Social media companies like Meta, Snapchat and X are scheduled to start sharing more information with consumers about usage rates and content practices under a new Minnesota transparency law that took effect Tuesday.
A powerful trade association and lobbying firm representing Big Tech wants to block the requirements, arguing in a federal lawsuit that the state’s regulations violate free speech rights protected by the First Amendment.
The law requires social media companies to publicly disclose user engagement statistics, content assessment, notification practices, interaction rates between user accounts and product experiments. It passed in 2024, as Minnesota and other states have sought to regulate some aspects of online conduct.
Minnesota Attorney General Keith Ellison has released two reports showing the potential harms of artificial intelligence and social media on the mental health of Minnesotans. Children were found to be frequent targets of harassment and online bullying, the latest report found, and other users frequently receive graphic or disturbing content or become targets of unwanted contact and fraud.

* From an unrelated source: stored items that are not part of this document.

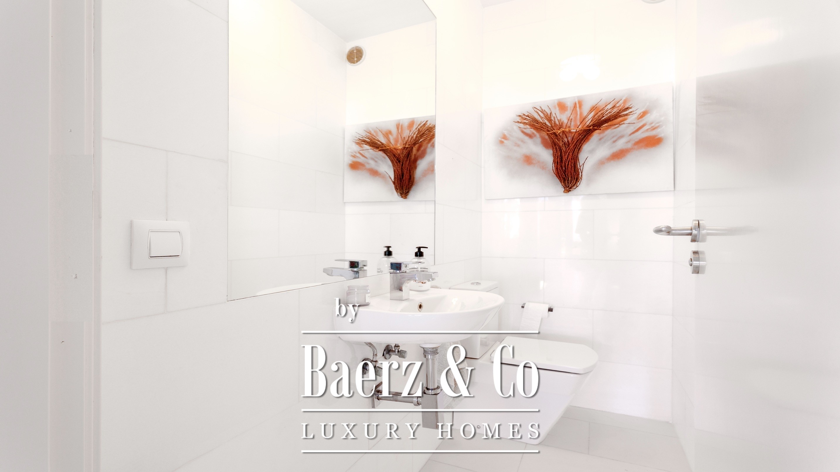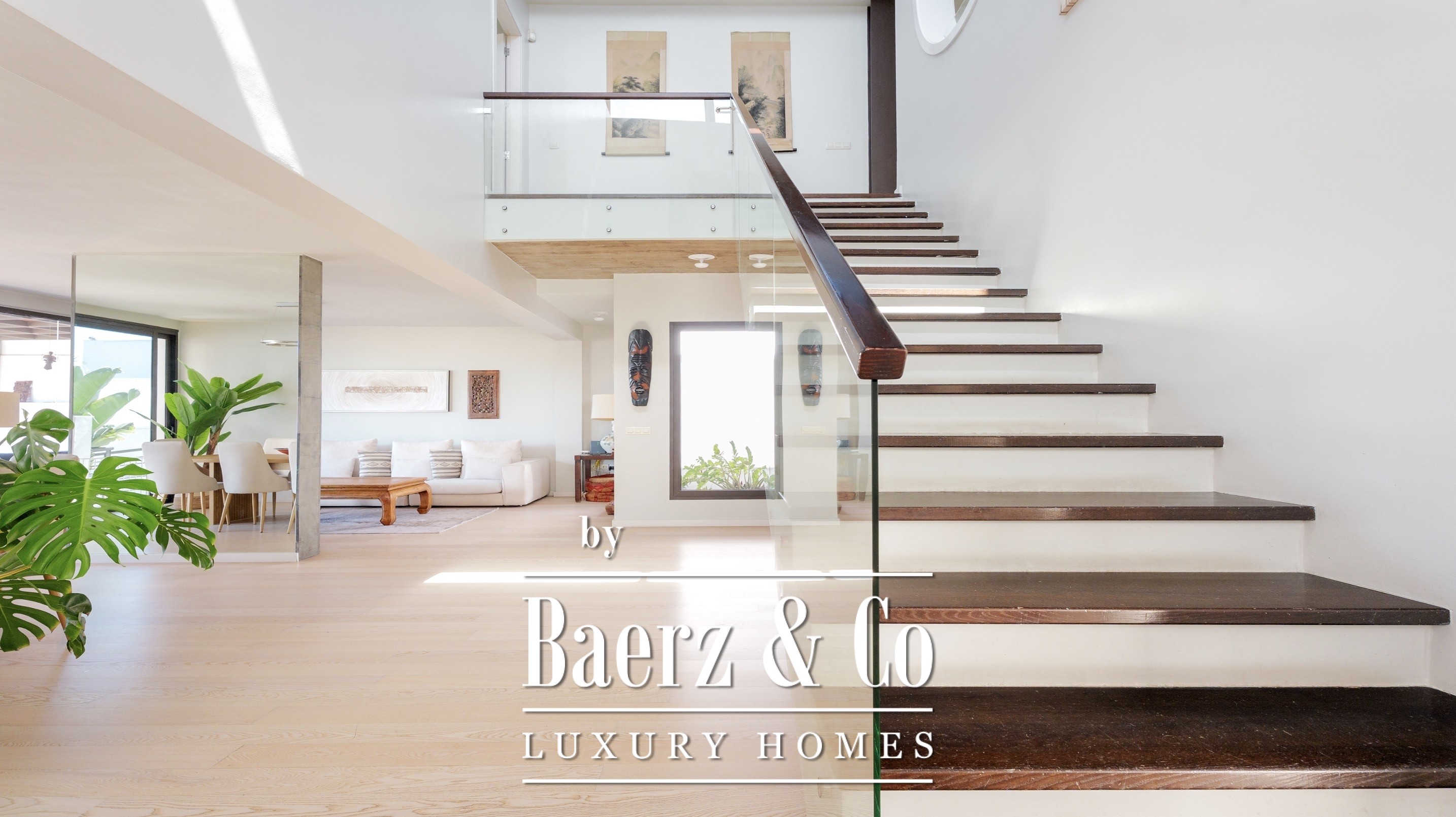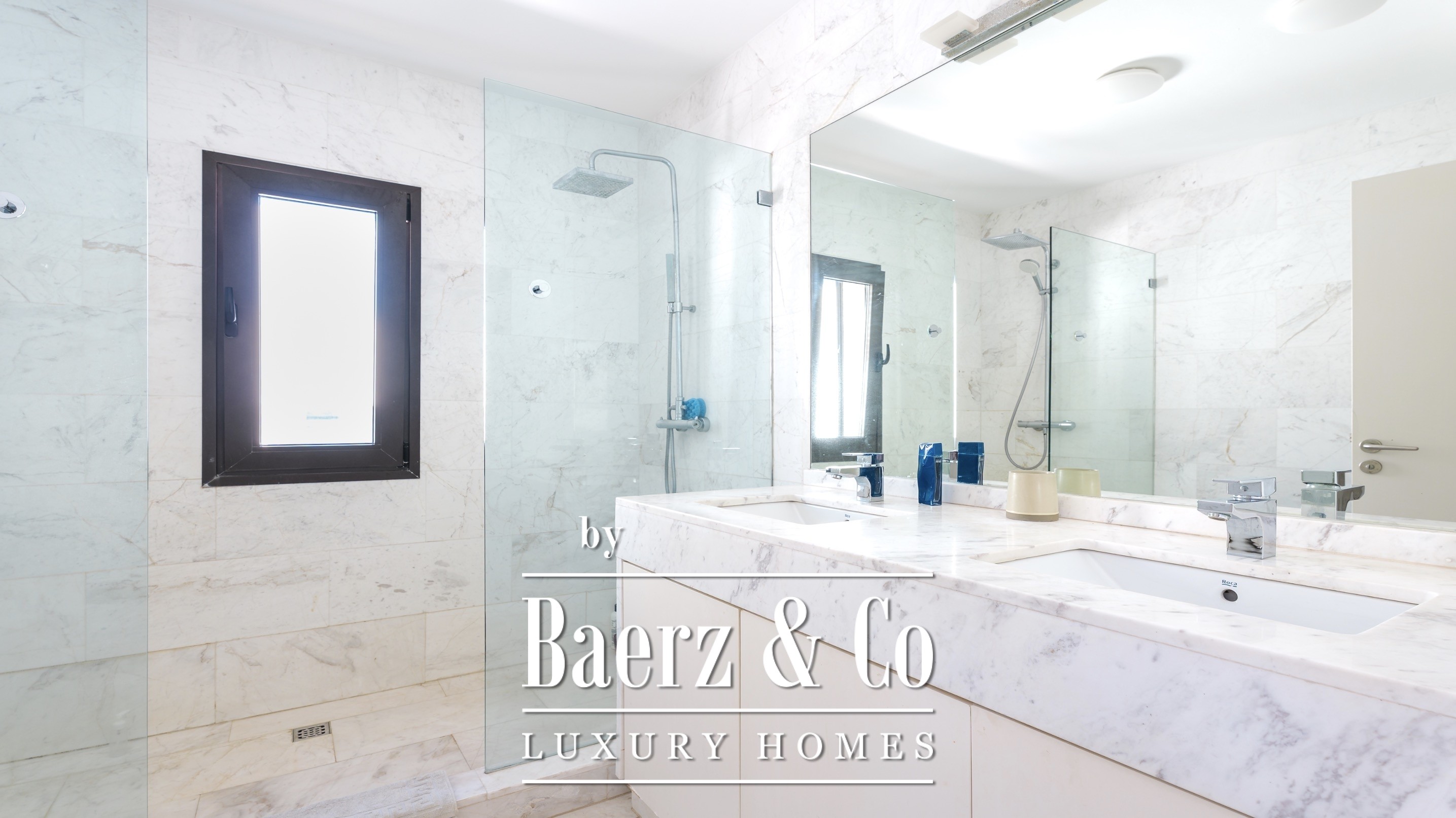 Er zijn vier slaapkamers met en-suite badkamers, waarvan de hoofdslaapkamer een kleedkamer, een grote badkamer en een eigen balkon met uitzicht op zee heeft.
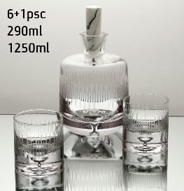 סט 6 כוסות + דקנטר מקריסטל צכי עם מכסה שיש אמיתי
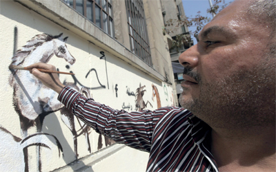 مصري يرسم على جدارية في شارع محمد محمود وسط القاهرة. رويترز
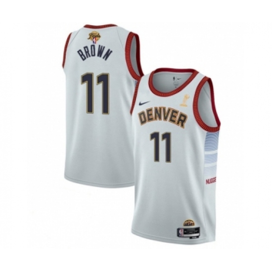 Men's Denver Nuggets #11 Bruce Brown White 2023 Finals Association Edition Stitched Basketball Jersey
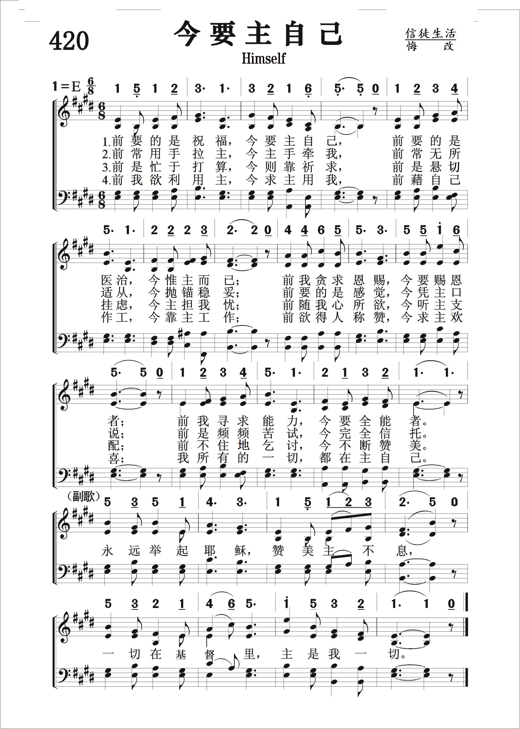第420首今要主自己Himself 辛普森(Albert B.Simpson,1843-1919)作词作曲 1前要的是祝福,今要主自己; 前要的是医治,今惟主而已; 前我贪求恩赐,今要赐恩者; 前我寻求能力,今要全能者。 前常用手拉主,今主手牵我; 前常无所适从,今抛锚稳妥; 前要的是感觉,今凭主口说; 前是频频苦试,今完全信托。 前是忙于打算,今则靠祈求; 前是悬心挂虑,今主担我忧; 前随我心所欲,今听主支配; 前不住的乞讨,今不断赞美。 前我想利用主,今求主用我; 前藉自己作工.今靠主工作; 前欲得人称赞,今求主喜欢; 我所有的一切,都在主自己。 永远举起耶稣,赞美主不息, 一切在耶稣里,主是我一切。 辛普森出生于英属小岛的一个牧师家庭。 他自幼体弱多病,对每晨要读经祷告,感到枯燥乏味。在他十四岁时,因长期受压力又勤学过度,神经系统受损,有生命之虞。 他知道自己尚未得救,因此十分害怕。有一天他在父亲的书房看《圣洁的福音奥秘》,其中有一段话为他开启了永生之门:“凡你们能作的第一件最好的事,就是相信主耶稣基督。不然,你所有的行为、祷告、眼泪以及一切的立志都是徒然的。相信主耶稣,就是信祂、照祂的话而行。 此时此地,祂说收留你、拯救你,因祂曾说过‘到我这里来的,我必不丢弃他。’”于是他跪下接受主,并且他的病也得医治。自此他确定蒙呼召,幼年所受的属灵教育,在他灵里茁长。 十七岁时开始讲道,以后他完全凭信心,靠奖学金读毕神学院。 1874的一个黑夜,辛普森感到十分孤单和痛苦。他再次把自己毫无保留地完全奉献。这是他生命中第二个转机。《今要主自己》就是他在那时写下的心声。这次的转机使他体会到什么才是真正的事奉,他的信念使他与许多人隔绝,也因而使他更孤单寂寞。1881年夏,辛普森参加慕迪的同工退修会,听到一位兄弟见证说:“我本想得着慕迪先生的帮助,但昨夜,我见到主耶稣,我定睛仰望祂,我感到今后一生,除主之外,别无他求。”这些话深深感动他。 回家后,他跪在主前,直到主充满他心,他感谢地说:“我已经看见主了,我心得喜乐平安满足,一切得供应,主是我一切。”这是他生命中第三个转机。 他辞去优薪的教会牧师之职,成立宣道会(Christian and Missionary Alliance),在美国、加拿大平民中传福音。 1897年,他动员北美洲的宣教士往普天下传主福音。辛普森写有九千多首诗,但未全部谱曲。我们熟悉的有《惟独耶稣》(Jesus Only),《到遥远地方》(The Regions Beyond)和《耶稣不改变》(Yesterday, Today, Forever)等。
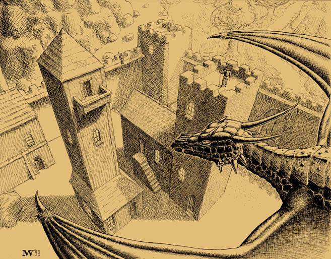 "Drachenflug", 1998, Tinte auf farbigem Karton, 42cm x 30cm
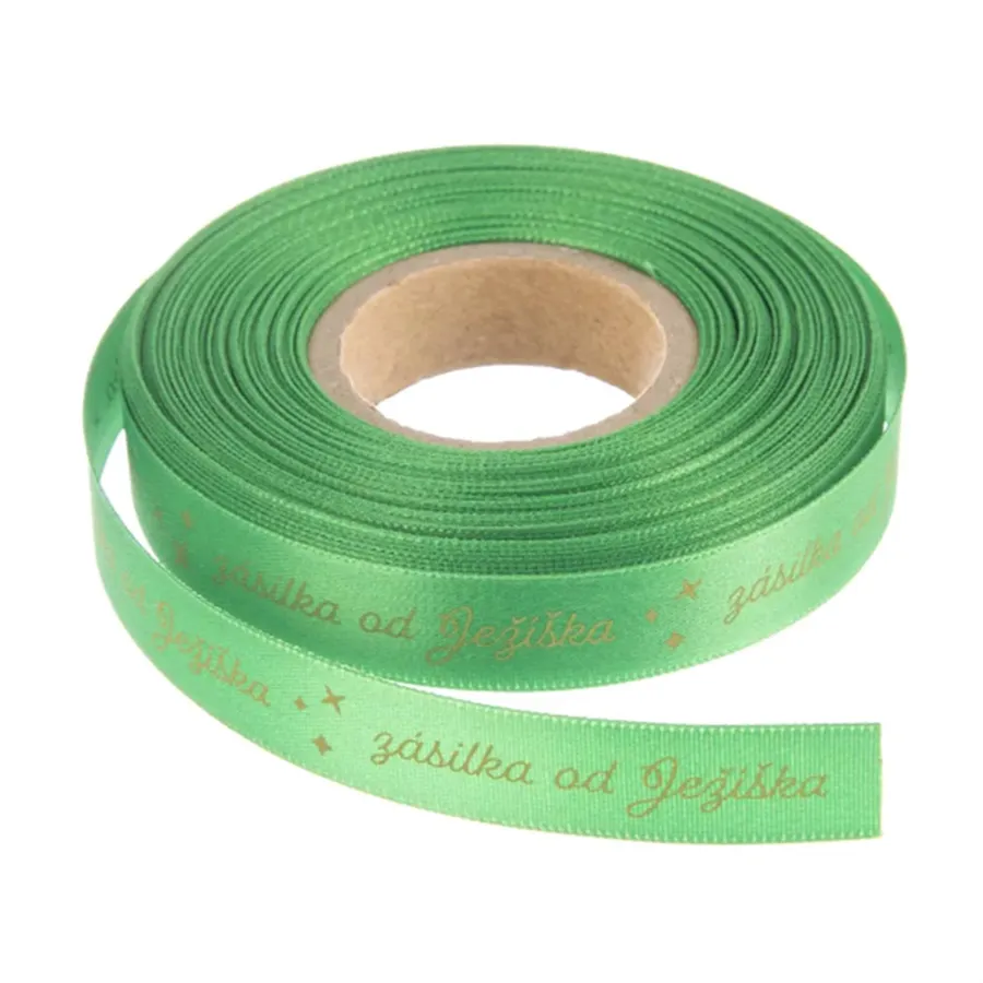Zelená polyesterová stuha s potlačou "zásielka od Ježiška" je ideálna na balenie vianočných darčekov alebo ozdobenie vianočných dekorácií.

The lawsuit challenging Minnesota’s law mirrors other legal challenges that have come up across the country in recent years as state lawmakers seek to regulate social media and Big Tech, absent broader federal oversight.
Similar to lawsuits filed by Big Tech against laws in New York and California, the trade group NetChoice argues in the Minnesota case that the First Amendment’s wide protections on free speech shield social media companies from making mandatory disclosures. Many of the arguments draw on court precedents on free speech protections involving news publications.
Minnesota’s law is unconstitutional because it requires sharing information about “editorial” decisions in order to publish content, the lawsuit contends. NetChoice also argues the state is attempting to dictate which messages are publicized and which are not, a core part of a Supreme Court case last year involving the Big Tech lobby. The lawsuit also cites several provisions of Minnesota’s law as being vague and likely unenforceable.
NetChoice accuses Ellison of running a “speech-police regime” by requiring the disclosures.